We have everything to solve the problem: starting from $t=T-1$ we find $\lambda (t, s)$ via \eqref{eq:lambda_iterative_p1}, \eqref{eq:lambda_iterative_p2} and then use it calculate $V^*(s)$ for all positions $s$. This procedure is repeated for $t=T-2, T-3, \ldots 0$.

Solution for a sample problem

In our example the impenetrable points are moving and have 3 distinct states that repeat in the same order.

Full map
Map created with Tiled

The python code that is used to solve this problem can be found in this Github repository. The optimal path for the case of starting from $s=(2,0)$ can be found in the image below. The optimal decisions for each one of the three map states (the three states of the moving obstacle in the 1st, 3rd column of the map) are given below. Under the best possible action $k$ $(k=0,1,2,3,4)$ you can also see the corresponding probability of $ \rho_k $.

Full map
Best actions for $t=0, 3, 6, \ldots $
Full map
Best actions for $t=1, 4, 7, \ldots $
Full map
Best actions for $t=2, 5, 8, \ldots $

There are two interesting conclusions that can be drawn from the figures above:

  • The places where the highest probability among all possible actions is $0.5$ or $0.33$ correspond to the case of having $2$ or $3$ equally good choices. For example, if you stay at $(0, 2)$ in the top figure you can either wait for $2$ turns or to move one bin to the left/down and come back. We have to mention that due to the fact of working with finite precision numbers it is always possible that some actions get higher probability than other actions even if they are equally good.
  • The high penalty for passing through \(s=(1,7)\) forces a person at position \(s=(2,7)\) to pick a longer c-shaped trajectory around the monster and the static obstacle.

Summary

The presented map navigation problem was solved by assuming that the decision to which state to move depends only on the current state which allowed us to derive a sequence of simple optimization subproblems for every time step. These problems were a specific case of the Bellman equation and were solved by using a L-BFGS-B algorithm/gradient ascent method. The proposed solution does not allow a person to learn a strategy how to navigate through another unknown map or to handle unexpected events.
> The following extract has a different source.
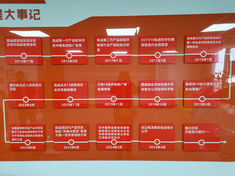 在位于杨凌上合农业国际贸易港的杨凌棚掌柜信息科技有限公司产品展厅,文化墙上代表企业发展历程企业大事记格外醒目:2019年,农高会平台结缘并聘请西农大专家为公司首席科学家;2022年4月棚掌柜正式入驻杨凌示范区;2022年8月,与杨凌签订入区协议启动西北干旱半干旱地区设施农业智慧化提升工程;2023年8月,完成第四代产品研发,制定“风棉水肥药”智慧大棚一把手管理新方案……
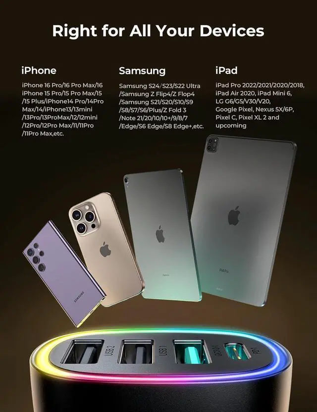 Universal Car Charger | Fits All 12V-24V Vehicles & Devices Compatibility Made Simple: compatible with iPhone 16/15/14/13/12 Series, iPad Pro/Air/mini Series, Samsung S25/S24/S23, Google Pixel 8/7/6, and all USB-C devices. Plug into any car cigarette lighter socketfront or back seat, its your go-to car power hub

Fortunately, there are other approaches to tackle this problem which could be discussed in detail in another article.

Appendix

Impenetrable points
We also have to mention how the impenetrable points are taken into account. For every time step $t$ and position $s$ we calculate a mask that takes into account the position of the impenetrable points at $t+1$ and gives us information which actions are possible. Each action corresponds to one of the five indices in eq. \eqref{eq:propagator_parametrization}. If a given action is forbidden, then the corresponding $k$-index is removed from eq. \eqref{eq:propagator_parametrization} and the probability $\rho_k(t,s)$ is set to $0$. If, for example, the actions for moving left and down are not allowed then $\rho_k(t,s)$ has the following parametrization: $$ \begin{align*} \label{eq:rho_def_with_mask} \rho_{2,\lambda} (t,s_t) & = 0, & k & = 2,4 \\ \rho_{k,\lambda} (t,s_t) & = \frac{ e^{\lambda_k (t,s_t) } }{ \sum\limits_{\tilde{k}=0,1,3} e^{\lambda_{\tilde{k}} (t,s_t) } } & k & = 0,1,3. \end{align*} $$ In this case the equations \eqref{eq:lambda_iterative_p1}, \eqref{eq:lambda_iterative_p2} reduce to equations for a three dimensional $\lambda$: $$ \begin{align*} \vec{\lambda} & = [\lambda_0, \lambda_1, \lambda_3]^T \end{align*} $$
Derivative of P with respect to $ \lambda $
The derivative of the conditional probability density function, defined in \eqref{eq:propagator_parametrization}, with respect to $\lambda = \lambda(t, s_t)$ is given by: \begin{align*} \vec{\nabla}_{\lambda} P_{\pi_t (\lambda)} ( \underbrace{s_{t+1}}_{(i',j')} | \underbrace{s_t}_{(i,j)} ) = & - P_{\pi_t (\lambda)} ( s_{t+1} | s_t ) \rho_{\lambda} (t, s_t) + \left[ \begin{array}{l} \delta_{i',i \textcolor{white}{-1} } \delta_{j',j\textcolor{white}{-1}} \\ \delta_{i',i-1} \delta_{j',j\textcolor{white}{-1}} \\ \delta_{i',i+1} \delta_{j',j\textcolor{white}{-1}} \\ \delta_{i',i \textcolor{white}{-1} } \delta_{j',j+1} \\ \delta_{i',i \textcolor{white}{-1} } \delta_{j',j-1} \end{array} \right] \hspace{-1.0mm} \odot \hspace{-1.0mm} \rho_{\lambda} (t, s_t) \\ \rho_{\lambda} = & [ \rho_{0,\lambda} , \rho_{1,\lambda} , \rho_{2,\lambda} , \rho_{3,\lambda} , \rho_{4,\lambda} ]^T \end{align*} where the last multiplication term in the first equation denotes elementwise multiplication between two column vectors.